Maternal Depression Costs Society Billions Each Year, New Model Finds

The most common pregnancy complication is also among the costliest, for moms, babies and society at large.

A new cost model created by researchers at Mathematica finds that untreated mood and anxiety disorders among pregnant women and new moms cost about $14.2 billion for births in 2017, when following the mom and child pair for five years after birth.

About one in 7 pregnant and postpartum women nationwide are affected by perinatal mood and anxiety disorders, regardless of income. For low income women, rates of depressive symptoms are reported to be much higher, between 40 and 60 percent.  Women in most states that have not expanded Medicaid lose coverage just 60 days after giving birth, cutting off their access to care they need to treat depression, further exacerbating its effects.

As a recent CCF report found, maternal and infant death rates are higher in non-expansion states than in expansion states, and that expansion improves health for infants and can help reduce racial disparities in maternal and infant health. While coverage alone will not solve these problems, it’s an important first step.

And it’s a step worth taking. The Mathematica model calculates how these disorders lower productivity in the workforce, increase reliance on public benefits and raise health care costs for treating worse maternal and child health.

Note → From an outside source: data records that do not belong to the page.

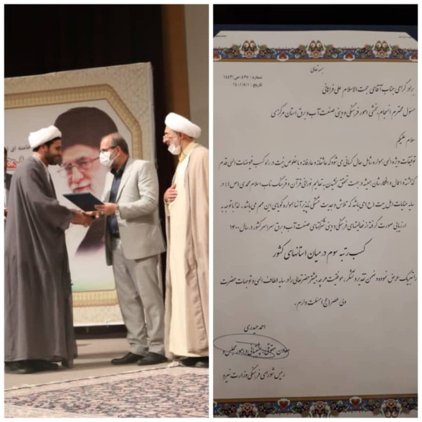در ارزیابی صورت گرفته از فعالیتهای فرهنگی و دینی شرکتهای صنعت آب و برق سراسر کشور در سال 1400، امور فرهنگی و دینی صنعت آب و برق استان مرکزی موفق به کسب رتبه سوم در میان سایر استانهای کشور شد.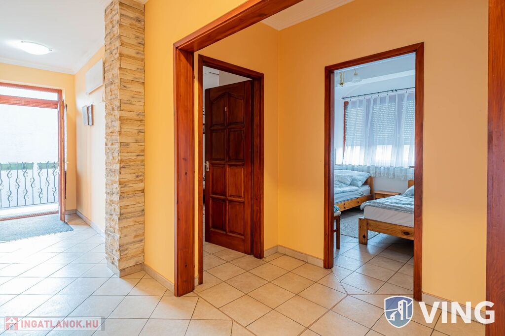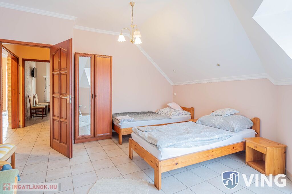 Az emeleten egy panzió üzemelt 5 darab különálló szobával, két 3 ágyas és három 2 ágyas szoba. Valamint három darab különálló fürdőszoba és egy mini teakonyha található. A szobák klimatizáltak és ablakai redőnyözöttek.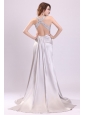 A-line Gray Straps Beading and Ruching Brush Train Prom Dress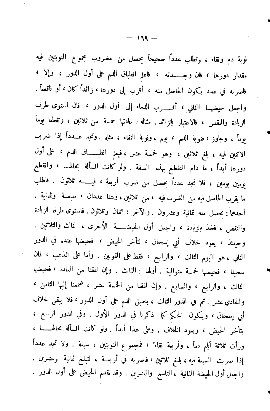 نَوْبَةَ دَمٍ وَنَقَاءٍ، وَتَطْلُبَ عَدَدًا صَحِيحًا يَحْصُلُ مِنْ مَضْرُوبِ مَجْمُوعِ النَّوْبَتَيْنِ فِيهِ مِقْدَارُ دَوْرِهَا، فَإِنْ وَجَدَتْهُ، فَاعْلَمِ انْطِبَاقَ الدَّمِ عَلَى أَوَّلِ الدَّوْرِ، وَإِلَّا، فَاضْرِبْهُ فِي عَدَدٍ يَكُونُ الْحَاصِلُ مِنْهُ أَقْرَبَ إِلَى دَوْرِهَا، زَائِدًا كَانَ أَوْ نَاقِصًا. وَاجْعَلْ حَيْضَهَا الثَّانِي، أَقْرَبَ الدِّمَاءِ إِلَى أَوَّلِ الدَّوْرِ، فَإِنِ اسْتَوَى طَرَفُ الزِّيَادَةِ وَالنَّقْصِ فَالِاعْتِبَارُ بِالزَّائِدِ؛ مِثَالُهُ: عَادَتُهَا خَمْسَةٌ مِنْ ثَلَاثِينَ، وَتَقَطَّعَا يَوْمًا يَوْمًا وَجَاوَزَ، فَنَوْبَةُ الدَّمِ يَوْمٌ، وَنَوْبَةُ النَّقَاءِ مِثْلُهُ. وَتَجِدُ عَدَدًا إِذَا ضَرَبْتَ الِاثْنَيْنِ فِيهِ بَلَغَ ثَلَاثِينَ، وَهُوَ خَمْسَةَ عَشَرَ، فَيُعْلَمُ انْطِبَاقُ الدَّمِ، عَلَى أَوَّلِ دَوْرِهَا أَبَدًا، مَا دَامَ التَّقَطُّعُ بِهَذِهِ الصِّفَةِ.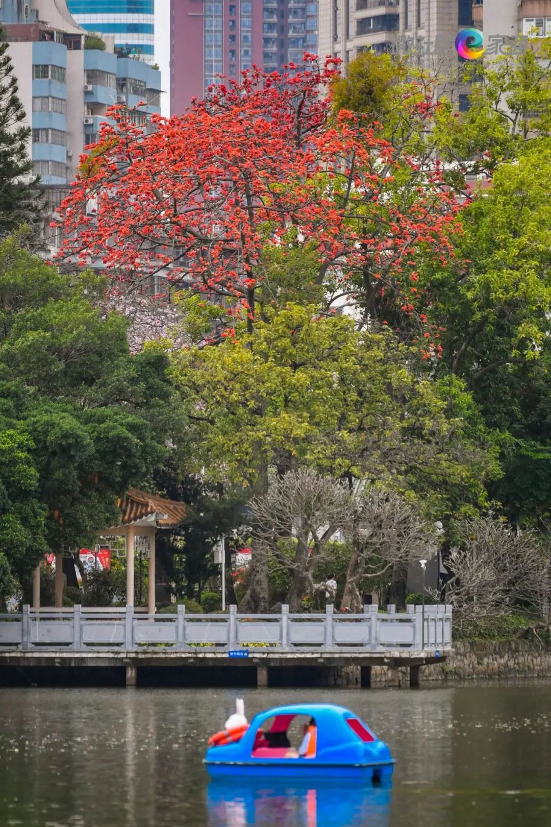 从沿江东路的碧道往马路对面走去,便来到东山湖公园。公园里呈现出一派春意盎然的景象。林荫道上成片的洋紫荆花迎来盛花期,粉红色的花朵随风摇曳,洋洋洒洒挂满枝头。九曲桥旁壮硕的木棉树上挂着一串串木棉花,远远望去红艳似火,在蓝天白云的映衬下格外耀眼夺目。游客们在湖上泛舟,听鸟语闻花香。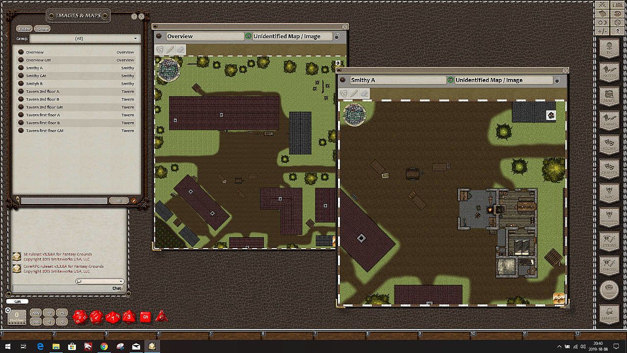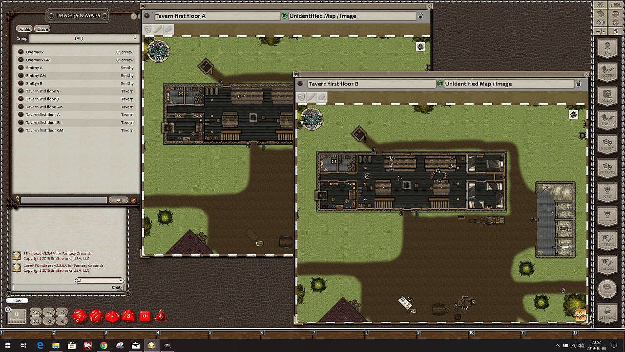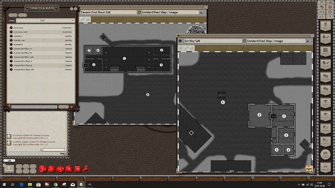 The tavern has two floors and the smithy has one. Three of the maps have versions with or without people.

They also found that more than half of the costs occur within the first year and are associated with pregnancy and birth complications, including preterm birth and preeclampsia. That’s a hopeful finding, given that many states are recognizing the risks posed by postpartum depression and are taking steps to identify moms during their baby’s first year.

Half the states allow pediatricians to screen mothers for depression during a child’s well visit before their first birthday, and bill the child’s Medicaid coverage. More states are also investing in home visiting programs, which ensure that women and babies receive in-home screenings and visits from nurses several time in the months after a baby is born, which can help identify women in need of mental health support and treatment.

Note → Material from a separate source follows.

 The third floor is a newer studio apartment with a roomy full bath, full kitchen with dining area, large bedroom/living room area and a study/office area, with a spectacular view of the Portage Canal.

While screening is just the beginning, it’s an important place to start. As the model shows, the effects of perinatal depression and anxiety disorders are devastating to everyone. Children can miss out on important bonding experiences that can set them on a path for future behavioral and developmental disorders, families lose the economic security that comes from an engaged and employed caregiver, and moms are at risk for a lifetime or poor health. Supporting women at this critical time in their life with access to depression screening and treatment will show significant benefits to families and communities nationwide.  

Maggie Clark is a Program Director at the Georgetown University McCourt School of Public Policy’s Center for Children and Families.